A hyperbola passes through the foci of the ellipse $$\frac{x^2}{25} + \frac{y^2}{16} = 1$$ and its transverse and conjugate axes coincide with major and minor axes of the ellipse, respectively. If the product of their eccentricities is one, then the equation of the hyperbola is:

For the ellipse $$\frac{x^2}{25} + \frac{y^2}{16} = 1$$, we have $$a = 5$$, $$b = 4$$. The eccentricity is $$e_1 = \sqrt{1 - \frac{16}{25}} = \frac{3}{5}$$, and the foci are at $$(\pm 3, 0)$$.

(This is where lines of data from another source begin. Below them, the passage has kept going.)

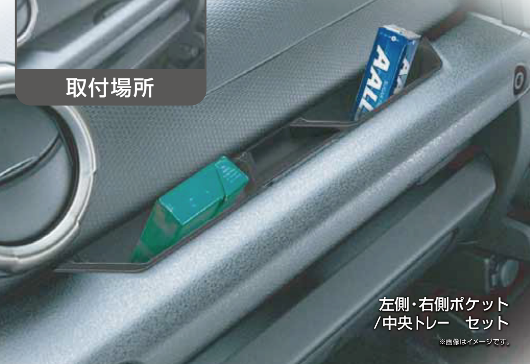
左側・右側ポケット /中央トレー セット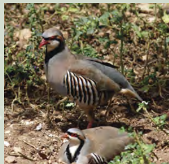
Alectoris chukar , πέρδικα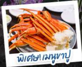
พิเศษ! เมฆาบู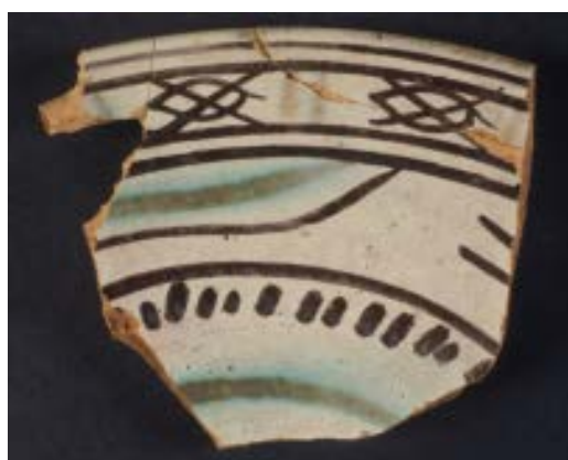
Fig. 2 - Fragment.

Soumis à une restauration, ils ont permis de reconstruire une assiette fragmentaire (fig. 3).

Let the hyperbola be $$\frac{x^2}{A^2} - \frac{y^2}{B^2} = 1$$ with eccentricity $$e_2$$. Since the product of eccentricities is 1, we have $$e_1 \cdot e_2 = 1$$, giving $$e_2 = \frac{5}{3}$$.

The hyperbola passes through the foci of the ellipse, so substituting $$(3, 0)$$: $$\frac{9}{A^2} = 1$$, giving $$A^2 = 9$$.

For the hyperbola, $$B^2 = A^2(e_2^2 - 1) = 9\left(\frac{25}{9} - 1\right) = 9 \cdot \frac{16}{9} = 16$$.

Therefore, the equation of the hyperbola is $$\frac{x^2}{9} - \frac{y^2}{16} = 1$$.